Some truths about immigration

Thread Tools
 
Old Aug 7th 2003, 6:55 pm
  #1  
Fred Elbel
Guest
 
Posts: n/a
Default Some truths about immigration

Some truths about immigration

The Spectator (UK) 2 August 2003

Some truths about immigration


http://www.spectator.co.uk/article.p...ent&issue=2003
-08-02&id=3363


Anthony Browne says Britain is already overcrowded, and that
pro-immigration arguments are almost all flawed.

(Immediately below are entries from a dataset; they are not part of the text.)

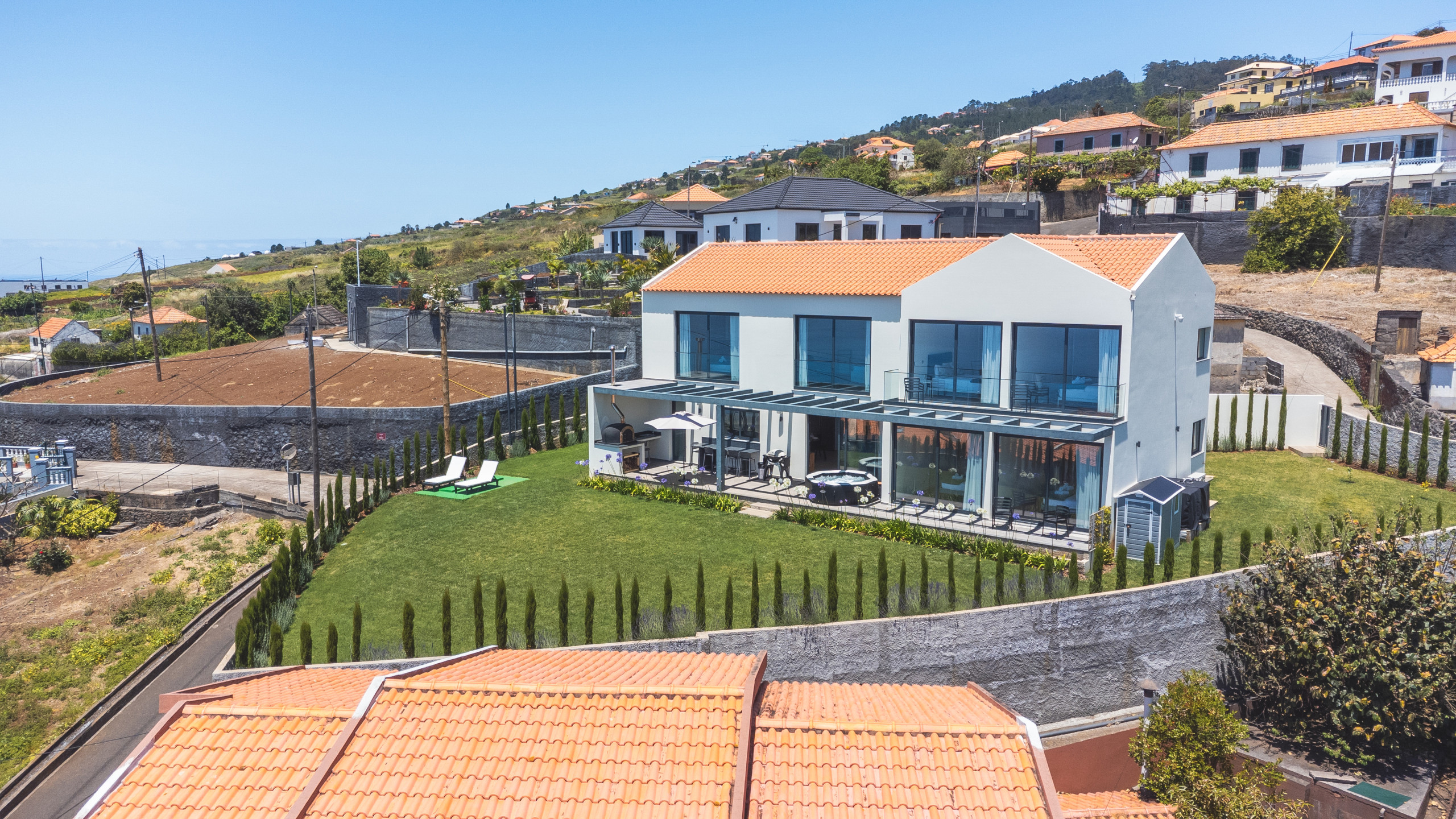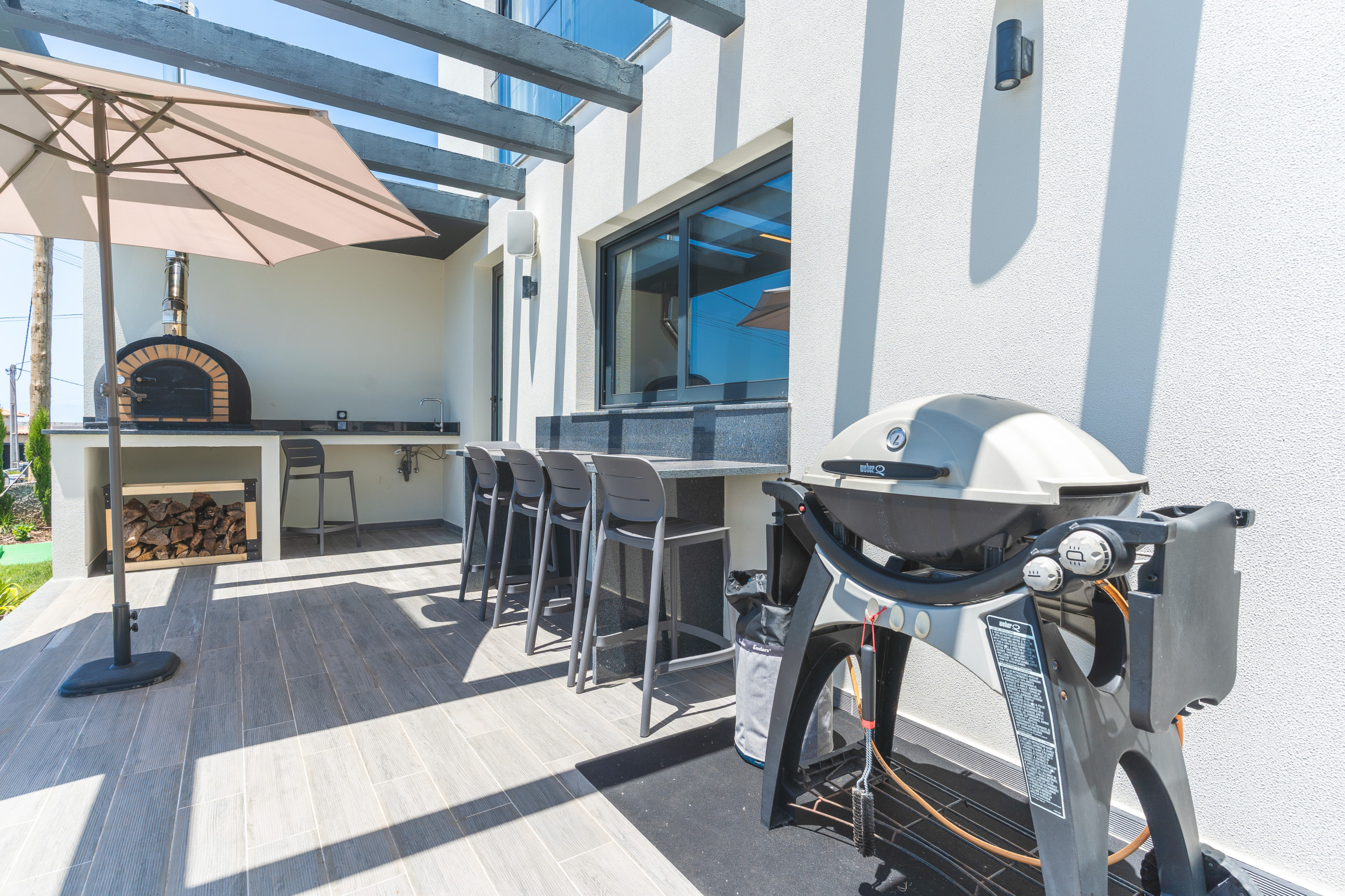 Dispõe de jardim, mobiliário de jardim, terreno cercado, máquina de lavar roupas, máquina de secar roupas, churrasqueira, ferro de passar, acesso à internet (wifi), secador de cabelo, balcão, banheira de hidromassagem, aquecimento central, ar-condicionado, estacionamento ao ar livre no mesmo edifício, 1 Televisão.
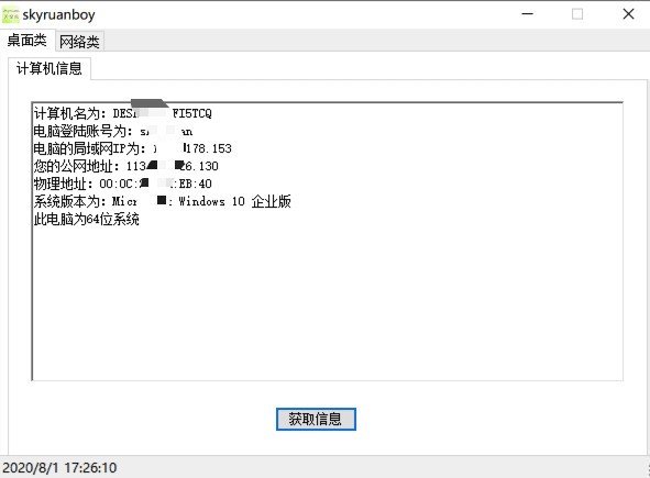 1.计算机信息获取(计算机名/局域网ip/公网ip等等)
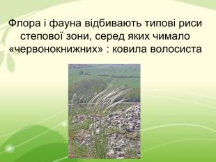 Флора і фауна відбивають типові риси степової зони, серед яких чимало «червонокнижних» : ковила волосиста
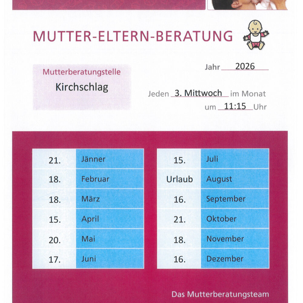 Mutterberatungsstelle KIRCHSCHLAG Jeden 3. Mittwoch im Monat um 11:15 Uhr …
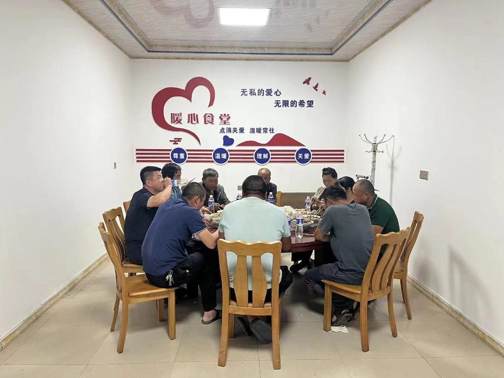在山東德州陵城區(qū)一家村級(jí)“幸福院”,工作了一天的農(nóng)機(jī)手們正在吃晚飯。(受訪(fǎng)者供圖)
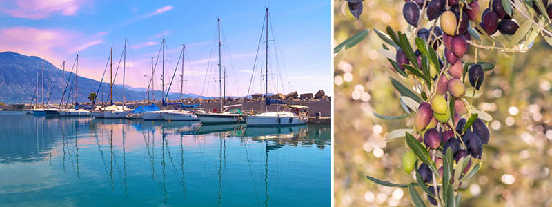 Billede: Havnen i Kalamata og Kalamataoliven.
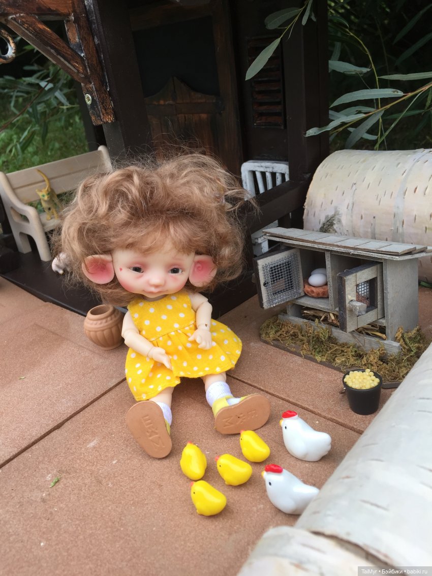 Лена, какая чудесная локация)) Наседки в курятнике, цыплята, мягкий мох, бидон с молоком и уютно гуляющие котики))) И Вареник, которая чудо уже сама по себе
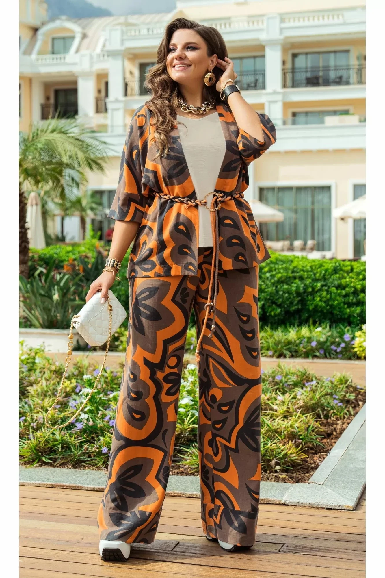 Брючный костюм Vittoria Queen 20713/1 дизайн цветы/оранжевый+беж тройка
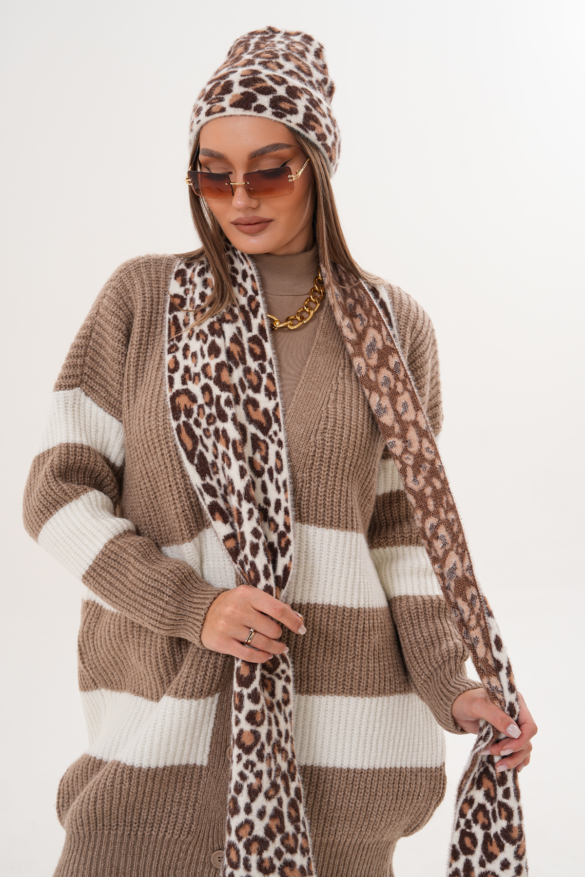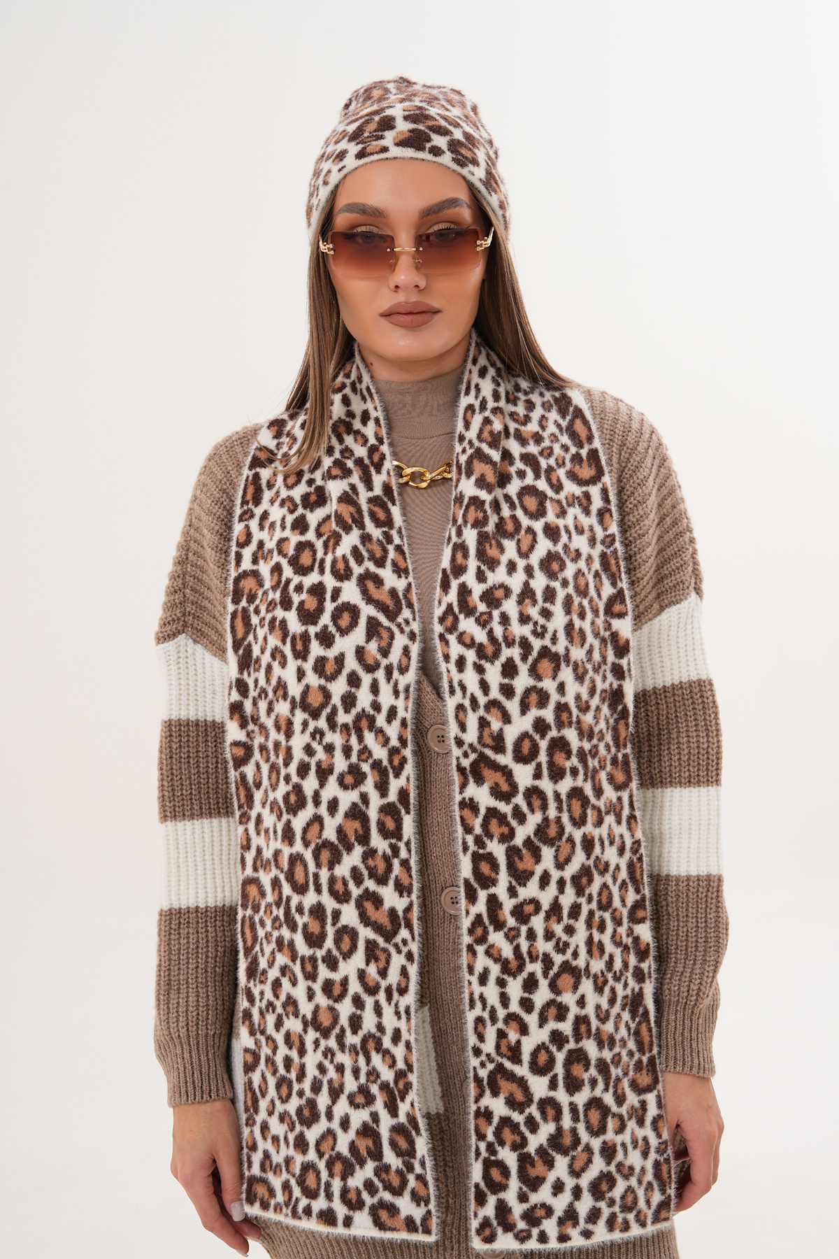 • - Desenli tasarımı ile şıklığınızı tamamlayan leopar atki ve bere seti, kış aylarında stilinizi yansıtır.
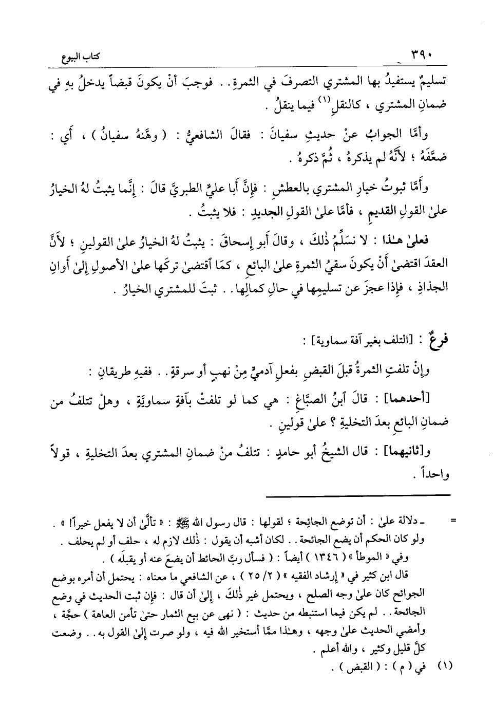 [أحدهما] : قال ابن الصبّاغ: هي كما لو تلفت بآفة سماويّة، وهل تتلف من ضمان البائع بعد التخلية؟ على قولين.
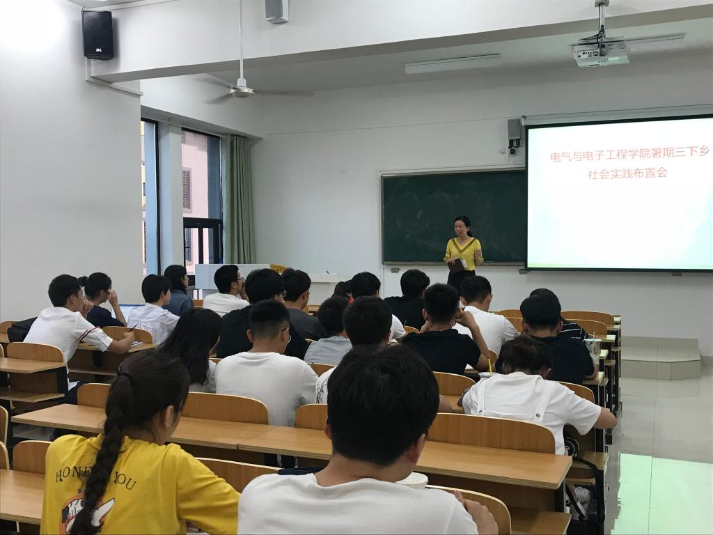 为深入学习贯彻习近平新时代中国特色社会主义思想和党的十九大精神,积极引导青年学生在社会实践中了解国情、感知社情、体察民情,通过社会实践培养社会责任感、创新精神和实践能力,电气与电子工程学院于6月14日19点在致知楼C303召开了暑期“三下乡”社会实践布置会,分团委副书记王延丽主持召开本次会议,各班级团支书、班长参加了此次会议。
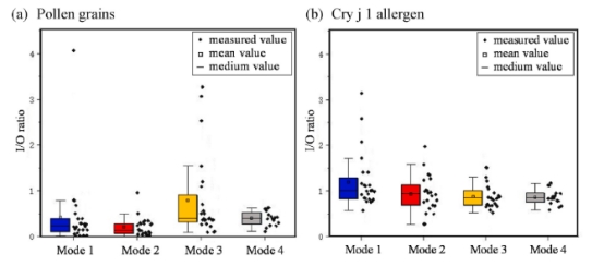 日本杉木花粉和它的Cry j 1过敏原是日本花粉症的主要诱因。研究团队基于现场测量,探讨了不同室内换气次数(ACH)对日本杉花粉和Cry j 1室内/室外(I/O)比的影响,以及在四种阳台门窗开启模式下含Cry j 1过敏原的颗粒尺寸变化。论文共分析了220个花粉样本和484个过敏原样本。结果显示,即使在所有门窗关闭的情况下,室内仍然存在日本杉木花粉和Cry j 1过敏原。并且,Cry j 1过敏原的I/O比随着ACH的增加而下降,且Cry j 1过敏原常见于直径不大于7μm的颗粒中。论文详细阐述了杉木花粉和Cry j 1过敏原在典型家居环境中的室内外传输动态,并致力于为室内过敏原检测和过滤方面的相关研究提供数据支撑。
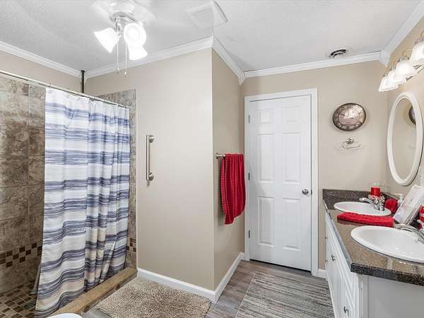 - Ceiling Fan(s), Island, Mini Blinds, Pantry, Smoke Detector, Sump Pump
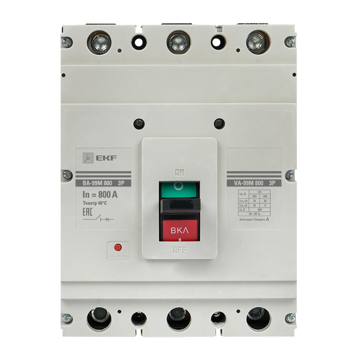 "Выключатель ВА-99М выполнен в виде моноблока и состоит из основания и крышки с фальшпанелью, в которой имеется окно для рукоятки управления и толкатель кнопки «Тест» - проверки механизма отключения выключателя.
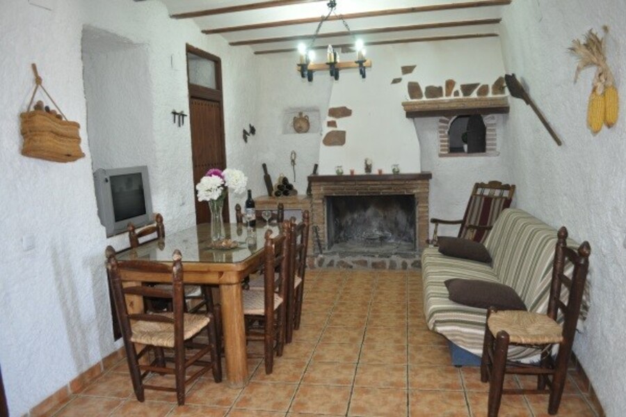 3.Cueva Mina – living/dining room with fireplace, kitchen, bathroom with shower and three bedrooms.
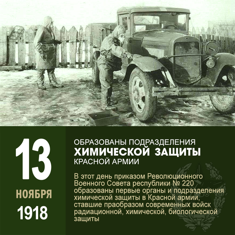 История войск РХБ защиты берет начало с 13 ноября 1918 года, когда приказом Реввоенсовета Республики № 220 была создана химическая служба РККА и стали формироваться первые органы и подразделения противохимической защиты.
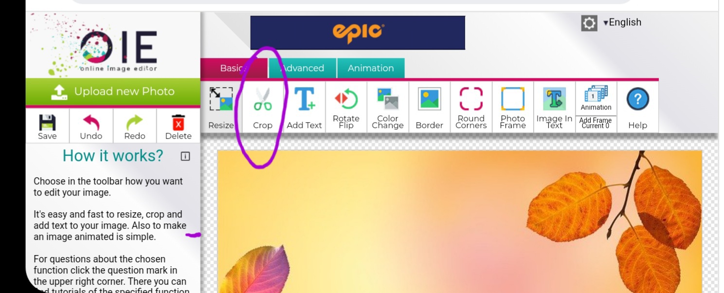 Para hacer eso vamos a seleccionar donde dice “crop” o “recortar” es la segunda opcion en la pestaña de basico. Tiene una tijeras como dibujo. (Circulo morado en la imagen de abajo)
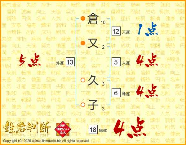 倉又久子さんの総運は18画の4点!
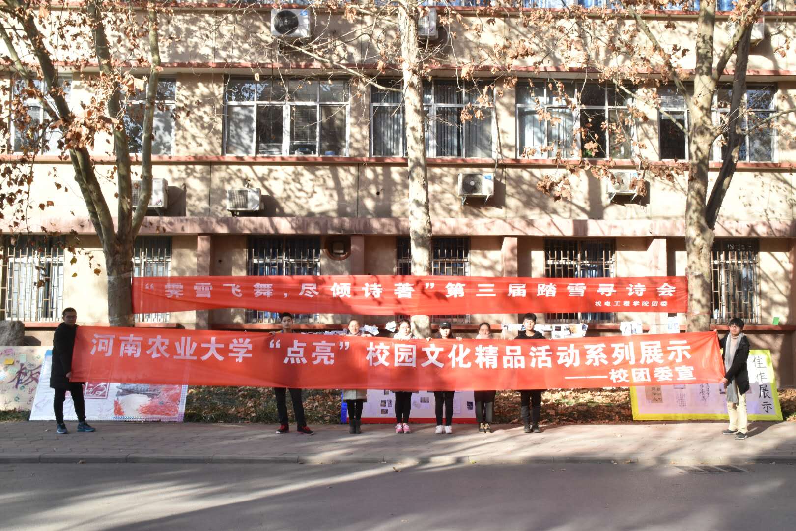 于12月16日下午,在15号楼前举行了“点亮”校园文化精品活动之“圆梦工场”——“霁雪昼舞,尽倾诗著”踏雪寻诗会。
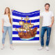 Esta manta náutica rayada del paño grueso y suave ofrece un barco pirata en vela llena con un cráneo y huesos cruzados en la vela de centro. Disponible en las mantas del paño grueso y suave en tres tamaños, o haga clic el vínculo a la derecha de ver este diseño en los otros productos y ropa.
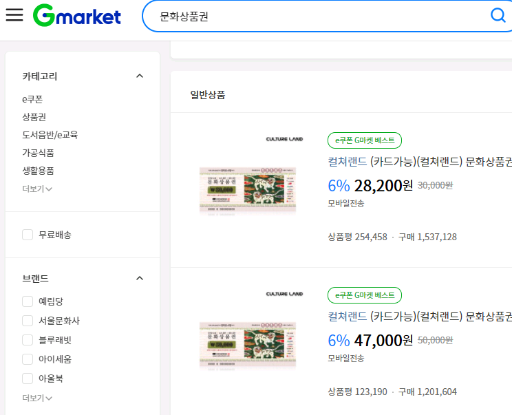 3. 컬처랜드 문화상품권 등으로 할인받아서!
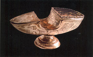 Naveta fabricada a finales del siglo XVI en plata fundida y repujada, procedente de la Iglesia parroquial de Torrelacárcel. Mide 7x16 cm.

Something strange is happening when a left-wing government publicly
accuses the BBC, riddled with institutionalised political correctness,
of can you think of a more wounding insult? a Powellite
anti-immigration agenda. The Pope publicly denouncing one of his
cardinals as a Satanist would hardly be more surprising. It is not
just cats of the postwar fractured Left scratching each other's eyes
out; David Blunkett's intemperate outburst was in reality an admission
that he is losing the most important political argument of the day. It
is not only that Britain doesn't want mass immigration but that,
despite the government's attempts to persuade us that we need it, even
parts of the BBC are finally waking up to see that there are real
problems.

The fact that the BBC found the courage to reflect the concerns of its
licence-fee payers is a clear sign that the tide has turned in the
immigration debate. The presenter of the programme, John Ware,
declared in the Daily Mail that the BBC could no longer sew up its
lips on the issue, and that anyone with an open mind has to face up to
it.

Unfortunately for the government, more and more people on both the
Left and the Right are becoming open-minded on the problems of the
government's policy of actively encouraging mass immigration. The
pro-immigrationists trusty tactic of suppressing all inconvenient
truth and debate by denouncing all critics as racist, fascist or
xenophobic just isn't working: there are too many intellectually
honest people who can see that baseless insults aren't answers to real
problems.

The subject of immigration has been taboo in Britain since Enoch
Powell's infamous speech a third of a century ago: there has not,
until a few months ago, been one debate in Parliament about the
optimal types and scale of immigration, only debates on the minutiae
of immigration laws. Everyone agreed to that silence so as to promote
good community relations. But the government took advantage of the
taboo to overturn 30 years of policy which aimed for zero primary
immigration, claiming that it wants about 150,000 immigrants a year.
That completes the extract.